De leur côté, les chercheurs coréens ont utilisé à la fois des cellules musculaires squelettiques et des cellules adipeuses pour reproduire au mieux le goût, la texture et la valeur nutritionnelle de la viande naturelle. Pour ce faire, ils ont d’abord enduit le riz de gélatine de poisson — un ingrédient sain et comestible proche de la texture de la matrice extracellulaire et permettant aux cellules de mieux adhérer aux grains. Des enzymes ont également été ajoutées pour stimuler la prolifération cellulaire. Les cellules souches musculaires et adipeuses bovines ont ensuite été ensemencées dans le riz, puis mises en culture pendant 9 à 11 jours.
Après analyse, « je ne m’attendais pas à ce que les cellules se développent si bien dans le riz », a indiqué Park. Selon l’équipe, le produit final répond parfaitement aux exigences de sécurité alimentaire et des normes nutritionnelles. Pour caractériser le riz au bœuf et en venir à cette conclusion, les chercheurs l’ont cuit à la vapeur et analysé sa valeur nutritionnelle, les arômes qu’il dégage et sa texture — selon les protocoles utilisés par les industries agroalimentaires.

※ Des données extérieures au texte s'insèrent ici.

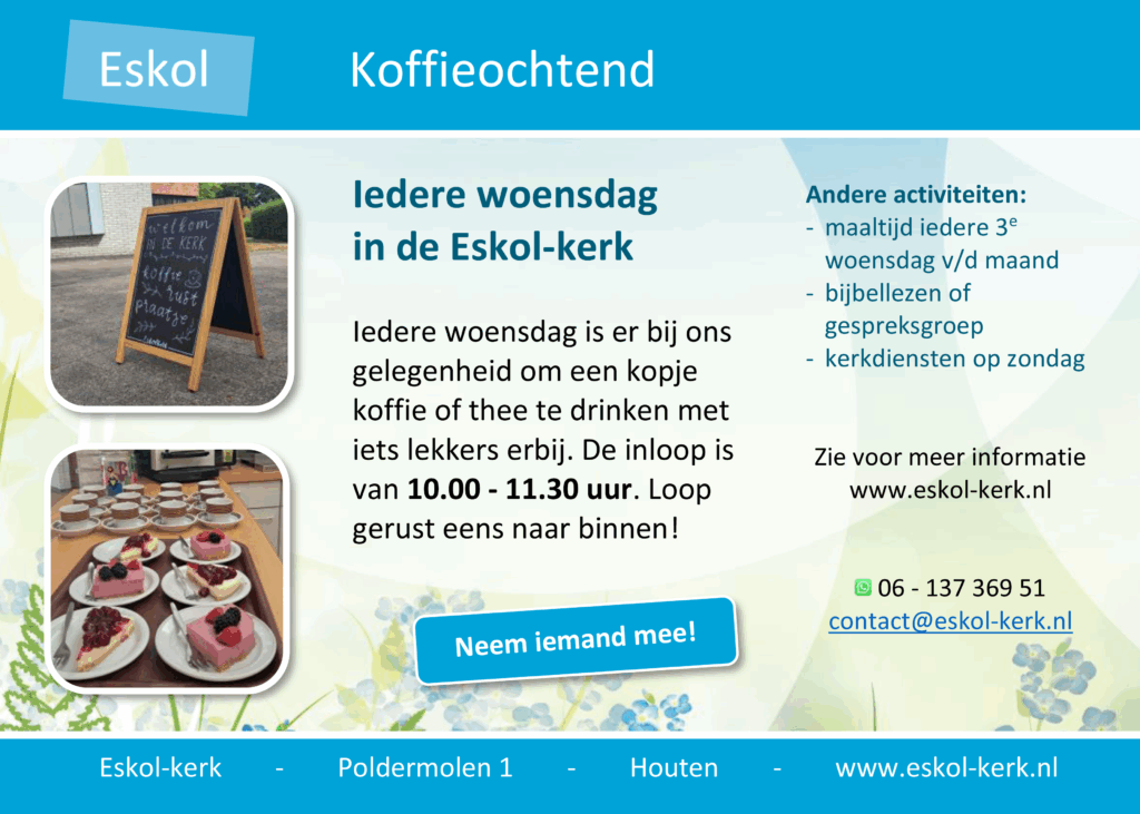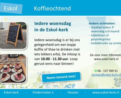 Iedere woensdag is er bij ons in de kerk gelegenheid om een kopje koffie of thee met iets lekkers te komen drinken. Regelmatig worden er ochtenden met een thema georganiseerd, zoals een presentatie of iets met muziek.

Les résultats ont révélé qu’il contenait 8 % plus de protéines et 7 % plus de lipides que le riz ordinaire. Quant à sa texture, le riz rosâtre est plus ferme et plus cassant après la cuisson. La teneur plus élevée en cellules musculaires lui donne un subtil arôme de viande de bœuf cuite et d’amande, tandis que les lipides amènent des arômes de crème, de beurre et d’huile de noix de coco.

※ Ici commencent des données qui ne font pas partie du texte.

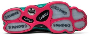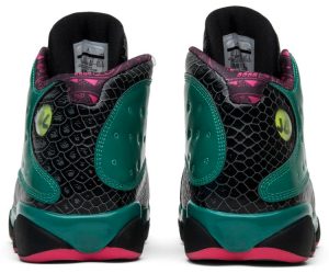 Part of the 2015 Doernbecher collection, this Air Jordan 13 Retro ‘DB’ was designed by John Charles, an 11-year-old Crohn’s Disease patient. The design combines a black snakeskin-like upper with emerald green patent leather overlays and Volt laces. Details from Johns personal life include his soccer number, the seven pills he takes per day to manage his condition and the ‘Crohn’s’ on the outsole. Pink accents highlight the collar and outsole.
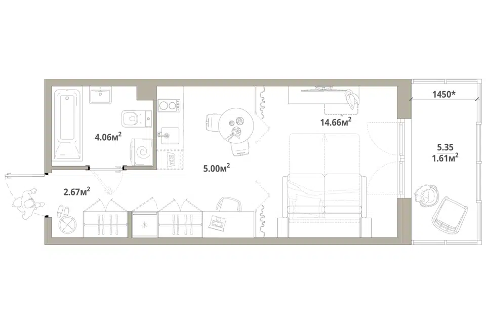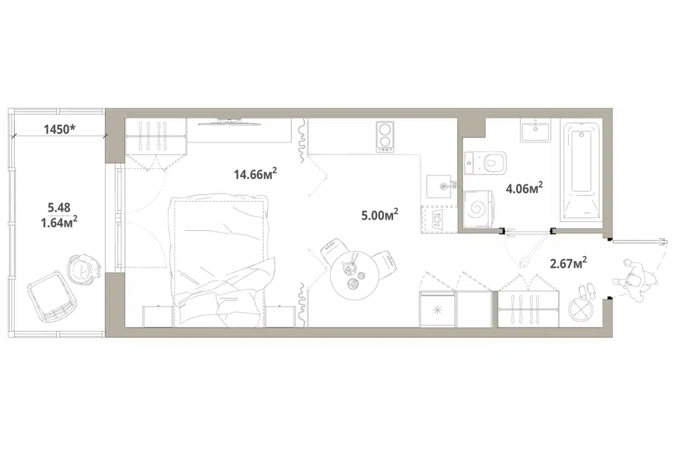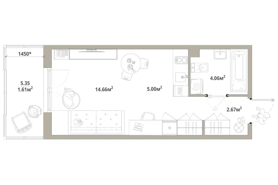 Студия, 25.24 м², 1/12 этаж
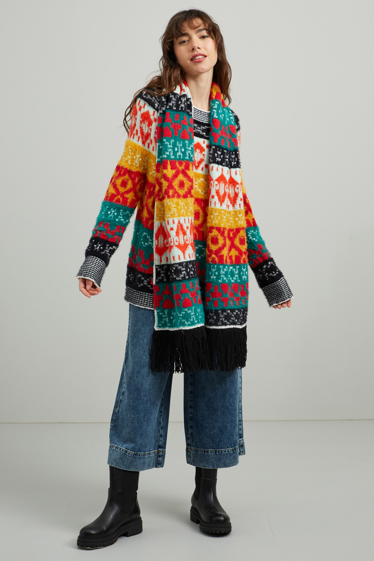 Sciarpa realizzata in maglia di misto lana con lavorazione jacquard e frange ai bordi.
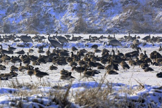 개리는 장항습지를 중간 기착지로 삼는 겨울 철새로, 기러기류 중 가장 긴 부리와 목을 지녔다. 갯벌에 군락을 이룬 새섬매자기와 곡물을 먹는 개리는 장항습지의 안정된 먹이 환경을 보여준다. 이 밖에도 큰기러기, 큰고니 등 대형 조류가 해마다 이곳을 찾는다.
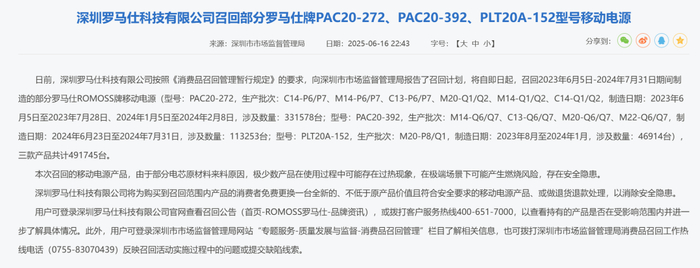 而两天后,深圳市市场监督管理局就发布公告,深圳罗马仕科技有限公司将从即日起,召回2023年6月5日-2024年7月31日期间制造的部分批次/型号移动电源,共涉及三款产品,总量高达491745台。
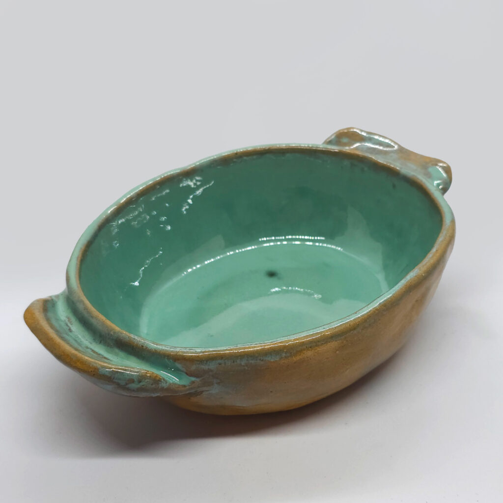 Funcional e encantadora, esta refratária artesanal foi moldada à mão, unindo o tom natural da argila ao brilho suave do esmalte verde. Suas alças laterais conferem praticidade e charme, enquanto as formas levemente orgânicas refletem a naturalidade do trabalho manual. Uma peça que traduz o equilíbrio entre beleza, utilidade e tradição cerâmica.
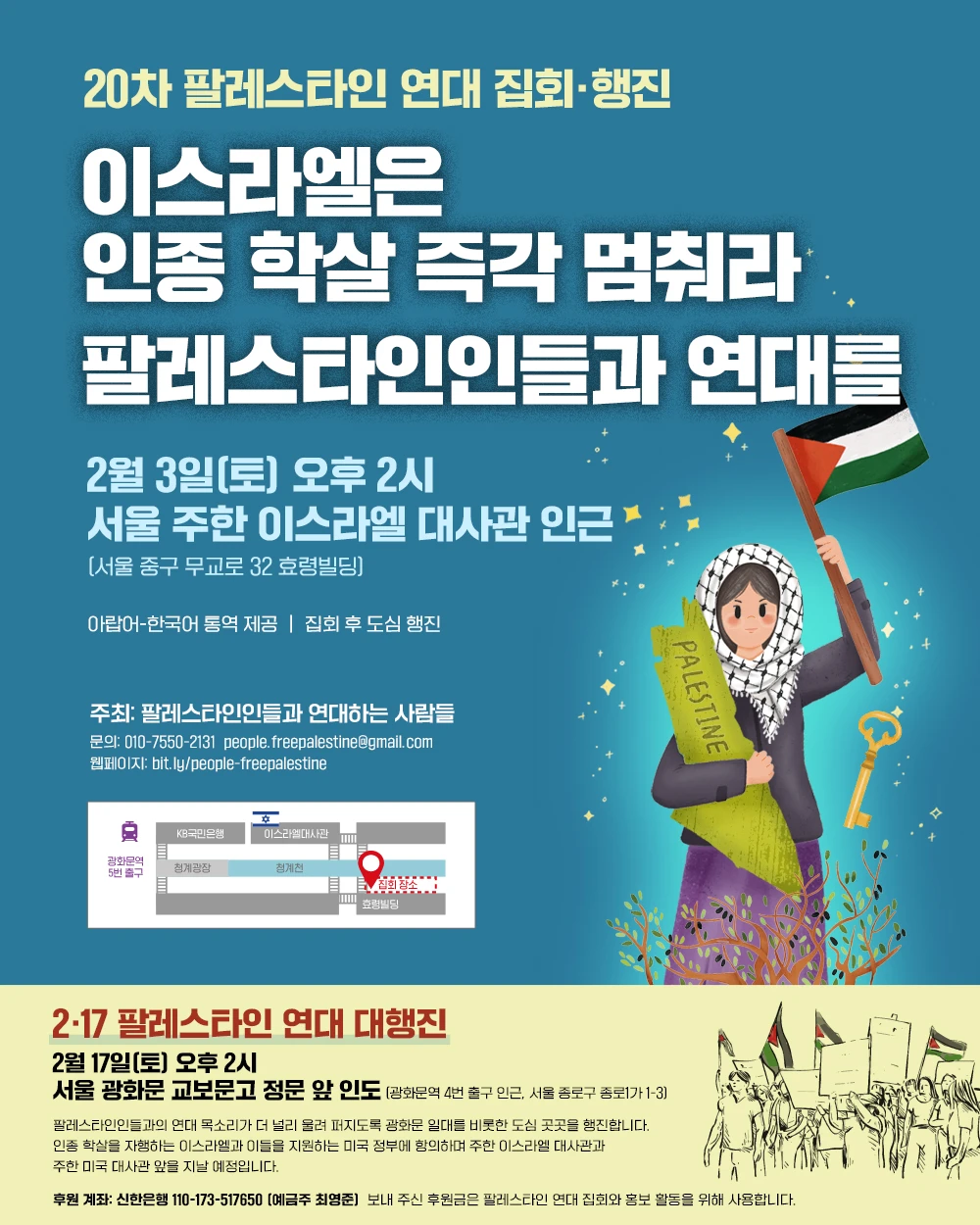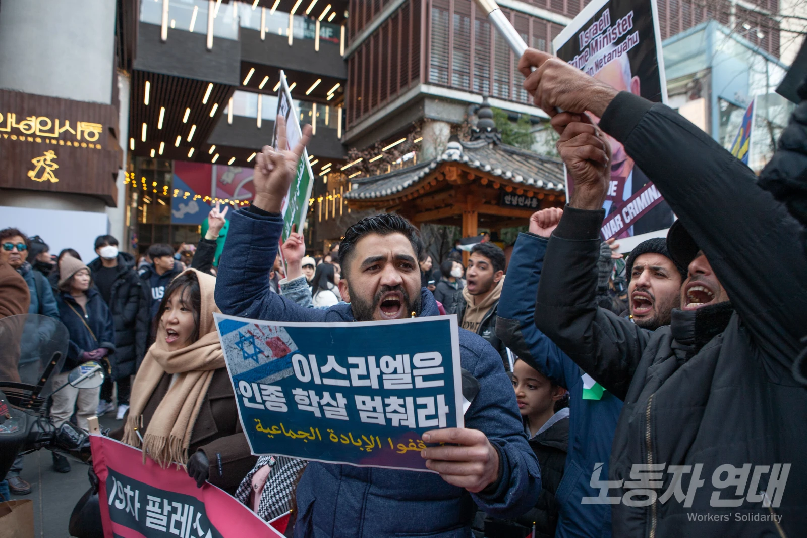 1월 27일 서울에서 19차 팔레스타인 연대 집회가 열렸습니다. 국제사법재판소가 이스라엘에 인종 학살 방지 명령을 내린 직후에 열린 만큼 집회는 자신감과 활기가 넘쳤습니다. 300여 명의 다국적 참가자들은 이스라엘의 인종 청소와 이를 후원하는 서방을 강력히 규탄하며 “팔레스타인 저항 정당하다!”, “팔레스타인에 승리를!” 등의 구호를 외쳤습니다. 참가자들의 힘찬 외침과 행진에 많은 시민들도 호응했습니다. 활기차게 진행된 팔레스타인 연대 집회를 영상으로 만나보세요.

Par ailleurs, la production de ce riz hybride libérerait moins de 6,27 kilogrammes de CO2 pour 100 grammes, soit à peu près l’équivalent de l’empreinte carbone de la viande de poulet. S’il était commercialisé, il coûterait environ 2,23 dollars le kilogramme, contre 14,88 dollars pour le bœuf. Toutefois, l’équipe prévoit avant cela de développer de meilleures conditions de culture pour augmenter davantage la valeur nutritionnelle du produit. « Maintenant, je vois un monde de possibilités pour cet aliment hybride à base de céréale. Cela pourrait un jour servir de secours alimentaire en cas de famine, de ration militaire ou même de nourriture spatiale », conclut Park.